So we've just, this is pretty major here. Looks pretty simple, but we've taken an equilibrium property here. And related to kinetics. To a rate property. So here we have kinetics. Here we have thermo.

And this is going to turn out to be, this kind of ratio between forward rates and backwards rates, related to equilibrium constants is going to be valid, not just for this very simple mechanism we have here with just two species. But it's going to be valid for more complicated. And we have two species reacting to form another species, or bimolecular stuff, et cetera.

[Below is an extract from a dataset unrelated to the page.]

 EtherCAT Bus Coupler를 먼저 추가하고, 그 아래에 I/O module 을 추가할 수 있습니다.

OK, so now we've laid the groundwork, let's look at the dynamics. Let's look at the time evolution. So that means that we need to take, well this is not quite right. I shouldn't write minus dA/dt. This is minus dA/dt rate forward in the absence of reverse process. It says just the destruction of A and not the creation of A. So if you look at the full kinetics, the full mechanism, this also, the rate backwards is minus dB/dt, in the absence of forming B back through the reverse process. So both of these are in the absence of their reverse process. The full kinetics, for the destruction of A. A is the rate backwards, or the rate forwards, which is k1 times A, and then the rate backwards, which is the creation of A. That's the two rates together. Minus k minus one times B. There's the formation of A here, this is the destruction of A. This is the full differential equation for the full mechanism. Not just one part of it. This one here is just for the first step, and that one here is for the second step. This is what we need to solve.

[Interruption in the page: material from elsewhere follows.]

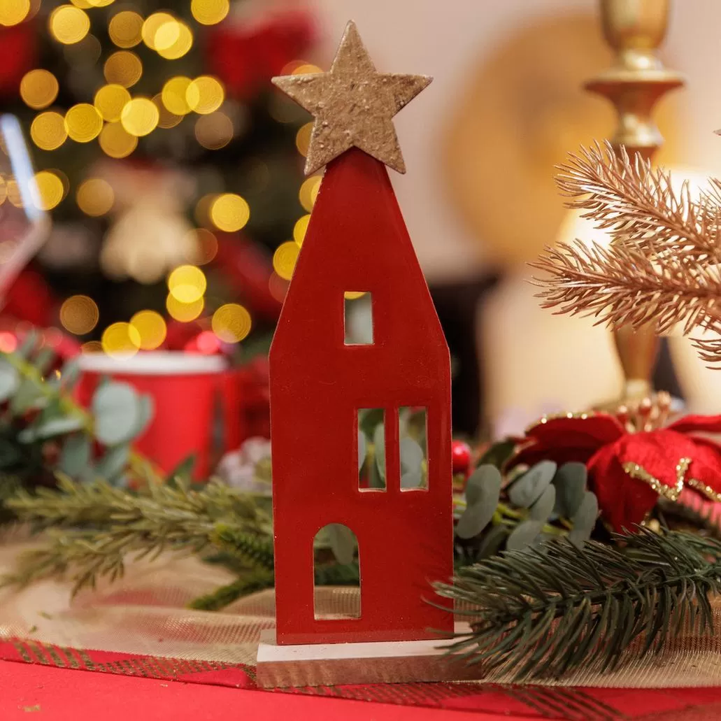 Beauty Home Σπιτάκι από Λακαρισμένο Κόκκινο Ξύλο με Χρυσό Αστέρι 7x21x4cm

But now we have a lot of help by what we've already done. So, what we can do is well, the problem here is that's it looks hard because there's B included in here. This is not just A, there's B in here. But there's only two species. And stoichiometry is going to help us out. Remember last time, or a few times ago, we said the last species is the easy one. Because it's always related to the concentration of all the other species by stoichiometry. And the last one here is B. So we know that B is related to A. B is whatever you started out with. Plus whatever you used up for A. That's one way of writing it. So you start with this amount, and you create this amount. By having A react. This is what you started with, A, and this is what's left. The difference has to go into B. So stroke stoichiometry give you a relationship, which you can use to plug into your differential equation here.

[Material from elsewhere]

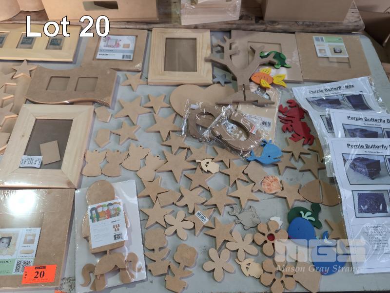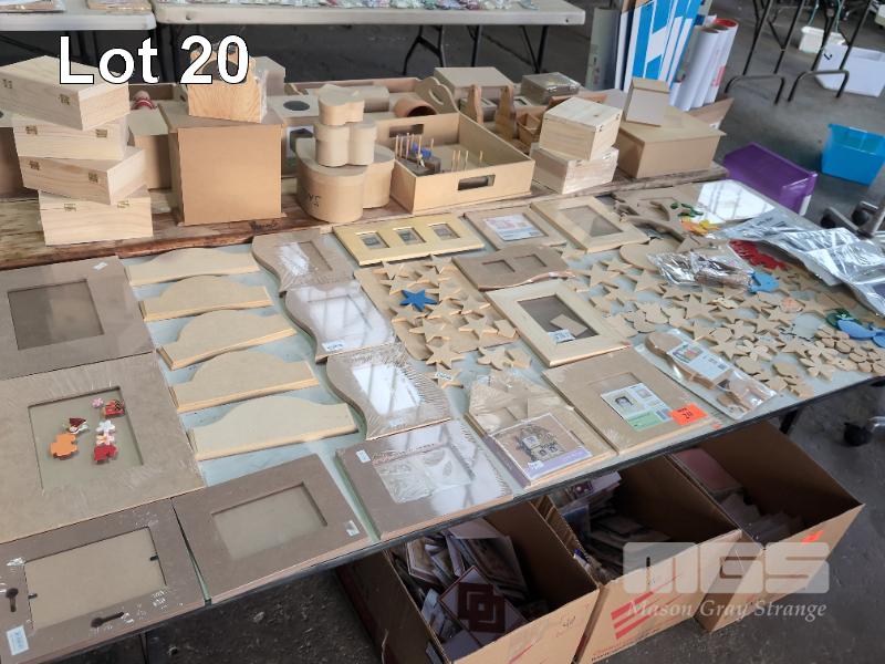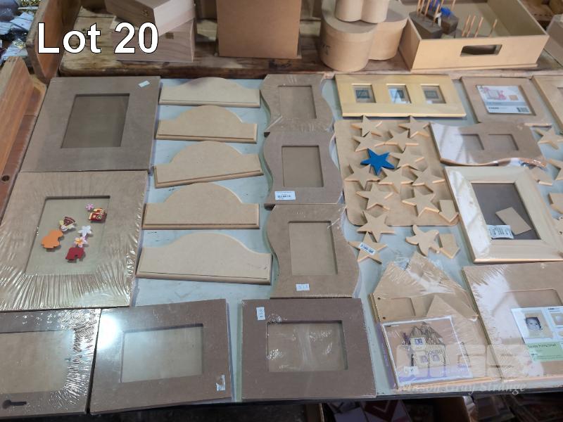 100 (APPROX) X BLANK WOODEN FRAMES, BOARDS & SHAPES FOR DECOUPAGE, PAINTING ETC. 1 X TABLE.

And now, after rearranging your differential equation, putting B in there, you can rewrite this as k1 plus k minus one times A minus k minus one times B0 plus A0. Something which depends on A, something which is constant here.

OK, and what else do we know? We know something about equilibrium. We know something about when we reach a state where the rate forward is equal to the rate backward. When the rate forward is equal to the rate backwards, the rate of change of A is zero. A is not changing. The concentration of A is not changing. So at equilibrium, dA/dt is equal to zero. And just like in this example here, this is going to turn out to be related to an approximation called the steady state approximation, which we're going to see later this morning. Writing at equilibrium that the change in the concentration of one of the species is equal to zero, we're going to use that as an approximation also later, when we get to more complicated mechanisms.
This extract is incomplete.